**REQUIREMENT:**
The answer must be an exact copy of the lines from the one containing "漏判3:比賽最后7秒,格萊姆" through the last line of the records, with the pictures left out.

Start of DATA FOR ANALYSIS

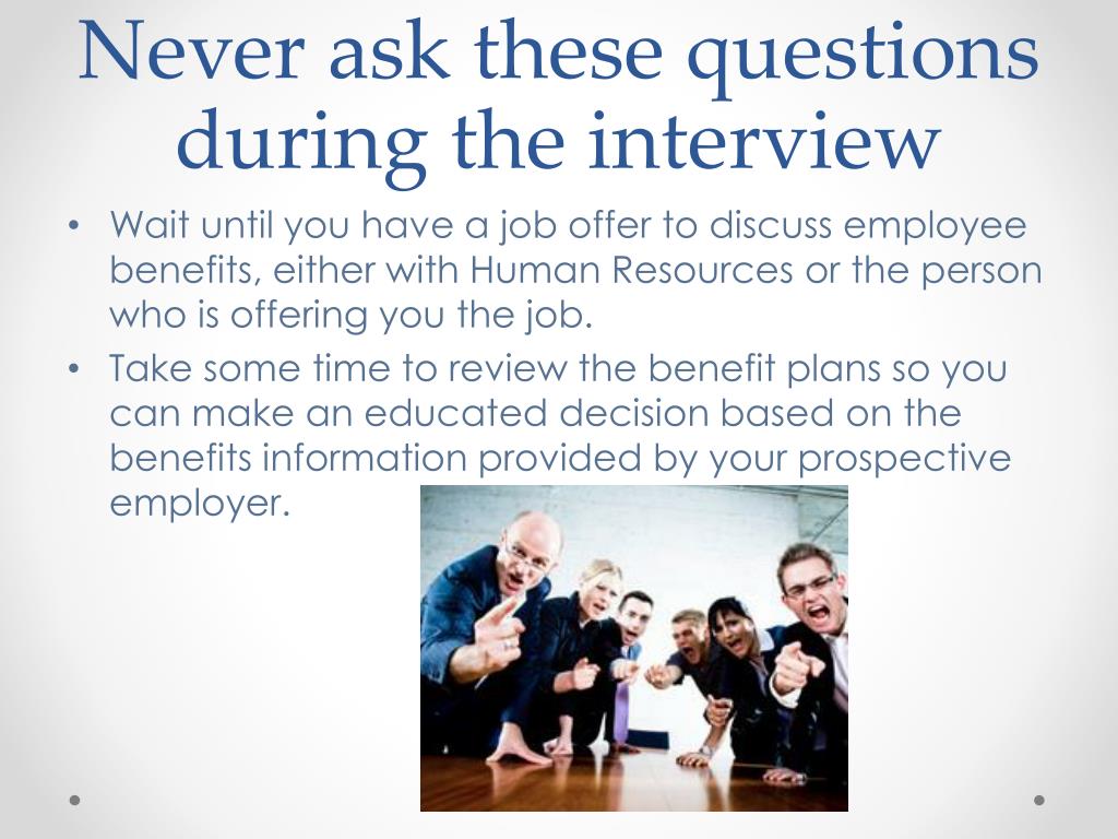Never ask these questions during the interview • Wait until you have a job offer to discuss employee benefits, either with Human Resources or the person who is offering you the job. • Take some time to review the benefit plans so you can make an educated decision based on the benefits information provided by your prospective employer.
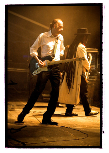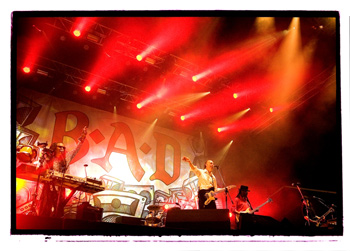 ザ・クラッシュのミック・ジョーンズとザ・クラッシュのビデオクリップや様々な映像作品を手掛けてきたドン・レッツを中心として1984年結成されたビッグ・オーディオ・ダイナマイトは、2011年初頭オリジナル・メンバーで再結成し、3月からツアーで世界各国を回り、1993年以来18年ぶりとなる来日を<FUJI ROCK>で果たし、7月29日(金)素晴らしいライヴを見せた。ミック・ジョーンズがクラッシュを解雇された翌年の1984年、ドン・レッツ(Vo)、ダン・ドノヴァン(Key)、レオ・ウィリアムズ(B)、グレッグ・ロバーツ(Dr)で結成し、そのオリジナルメンバーでの再結成、そのメンバーでの来日公演ということで2011年のフジロックのメンツの中でもかなり楽しみにしてた人が多かったことだろう。
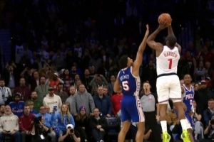 漏判3:比賽最后7秒,格萊姆斯與哈登的左臂發生接觸,該接觸影響了哈登的跳投動作,此為打手犯規漏吹。
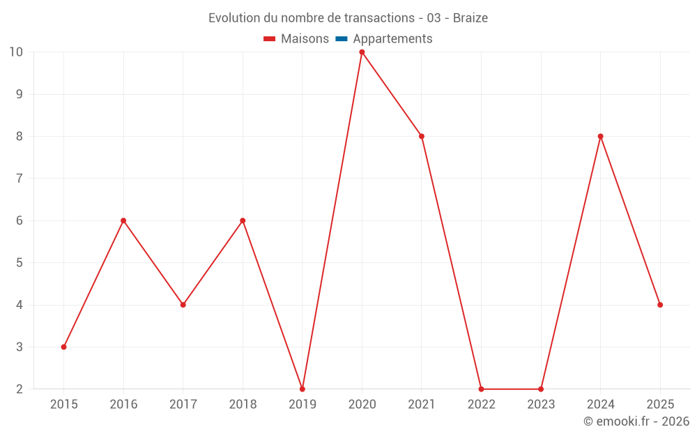 Le prix médian sur les 14 transactions de maisons des 24 derniers mois dans la commune de Braize était de 908 € par mètre carré pour une valeur foncière médiane de 71 000 €. Sur cette période 60% des transactions se sont situées entre 615 et 1 406 € par mètre carré (du 2ème au 8ème déciles).
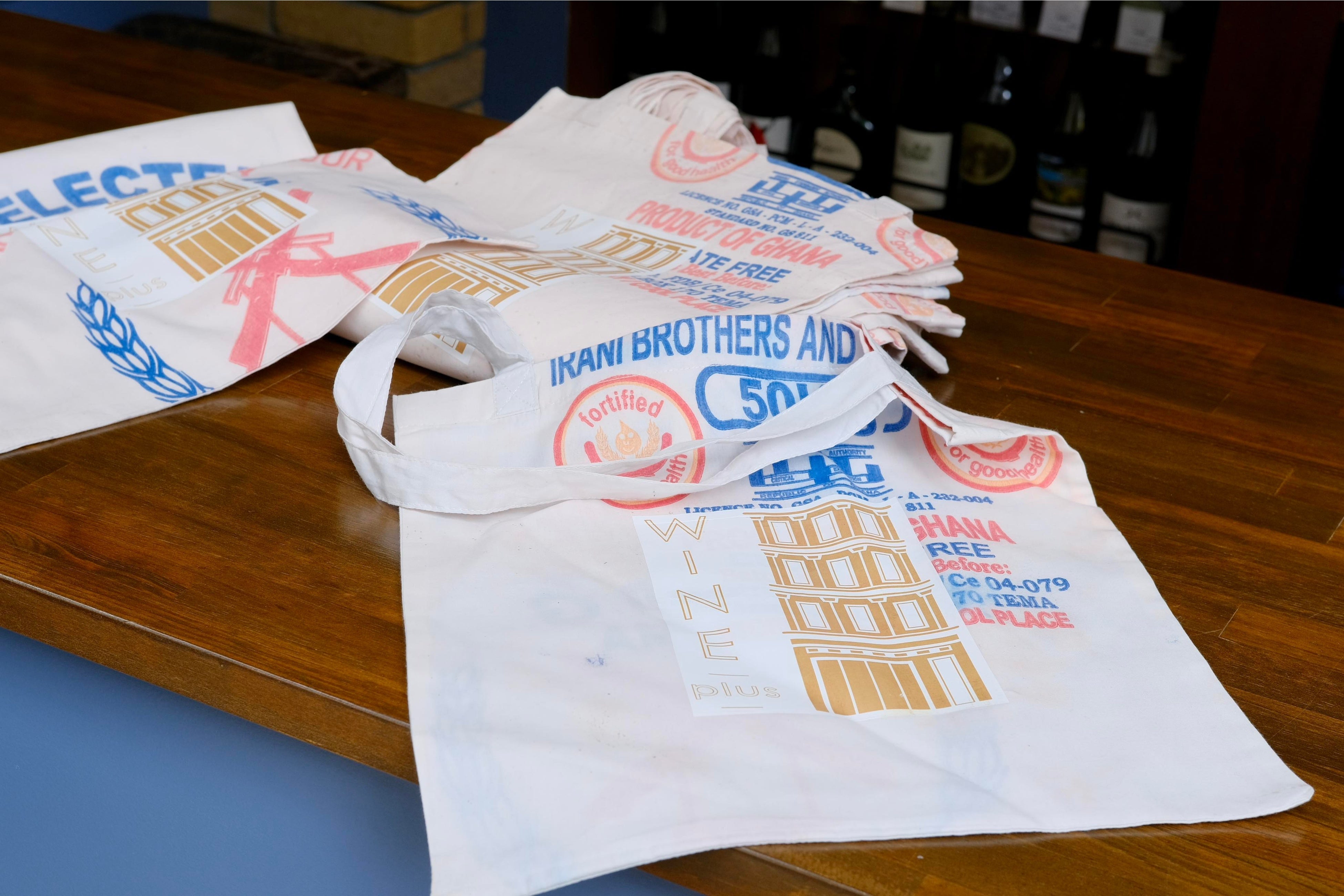 *エコバックは現地で使われた小麦粉の袋をアップサイクルして活用しています

End of DATA FOR ANALYSIS

**ANSWER FOR THIS EXERCISE:**
 漏判3:比賽最后7秒,格萊姆斯與哈登的左臂發生接觸,該接觸影響了哈登的跳投動作,此為打手犯規漏吹。
 Le prix médian sur les 14 transactions de maisons des 24 derniers mois dans la commune de Braize était de 908 € par mètre carré pour une valeur foncière médiane de 71 000 €. Sur cette période 60% des transactions se sont situées entre 615 et 1 406 € par mètre carré (du 2ème au 8ème déciles).
 *エコバックは現地で使われた小麦粉の袋をアップサイクルして活用しています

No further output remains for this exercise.